United States Steel Corporation (US Steel) has reported first quarter 2025 adjusted net earnings per diluted share guidance of $0.53 to $0.49. Comparatively, the company reported fourth quarter 2024 adjusted net loss of $0.13 per diluted share. The company expects its adjusted EBITDA for the first quarter to be approximately $125 million.
In a press release, the company said the Flat-Rolled segment’s adjusted EBITDA is expected to be lower than the fourth quarter, primarily driven by typical seasonal logistics constraints in the mining sector, which will unwind in the second quarter. The company’s Mini Mill segment’s adjusted EBITDA is expected to be higher than the fourth quarter due to an increase in shipments. For the first quarter, the company expects approximately $50 million in ramp-related impact from Big River 2. US Steel’s tubular segment’s adjusted EBITDA is expected to be higher than the fourth quarter due to an increase in prime shipments and higher average selling prices.

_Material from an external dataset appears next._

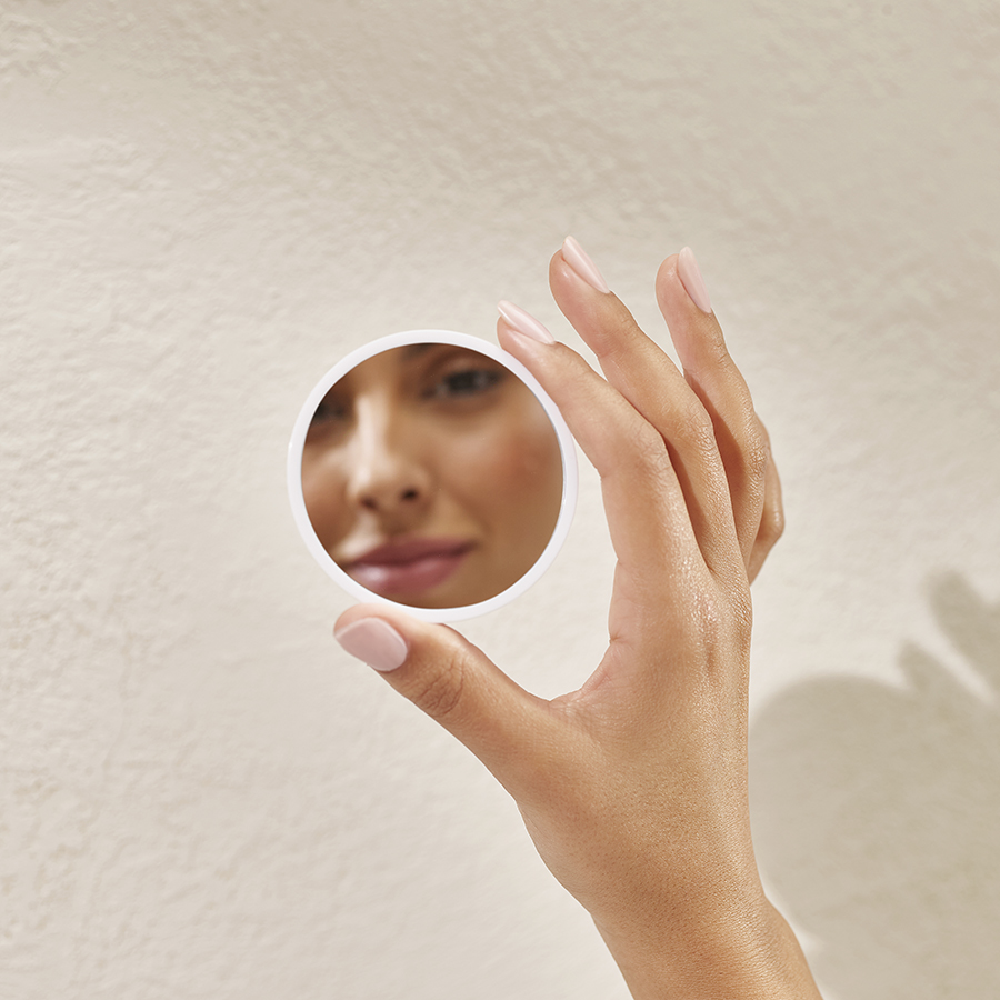 Он оснащен большим зеркалом, обеспечивающим широкий обзор лица и шеи, а также малым зеркалом с трехкратным увеличением для работы с деталями.

“Adjusted EBITDA guidance of $125 million is in line with our prior first quarter outlook. The North American Flat-Rolled segment's commercial strategy, combined with a strong emphasis on operational efficiencies and cost management, continues to drive strength within the segment. Our Mini Mill segment should see a sequential improvement based on increasing volumes from both Big River Steel (BRS) and Big River 2 (BR2). In Europe, the pricing environment has slightly improved, however demand remains subdued. We continue to manage our production levels in line with our customers' demand and our planned maintenance schedules. The Tubular segment continues to face pressure from the lagged impacts of a weak pricing environment, however, we remain optimistic for pricing improvements moving forward,” said David B. Burritt, President and CEO of US Steel.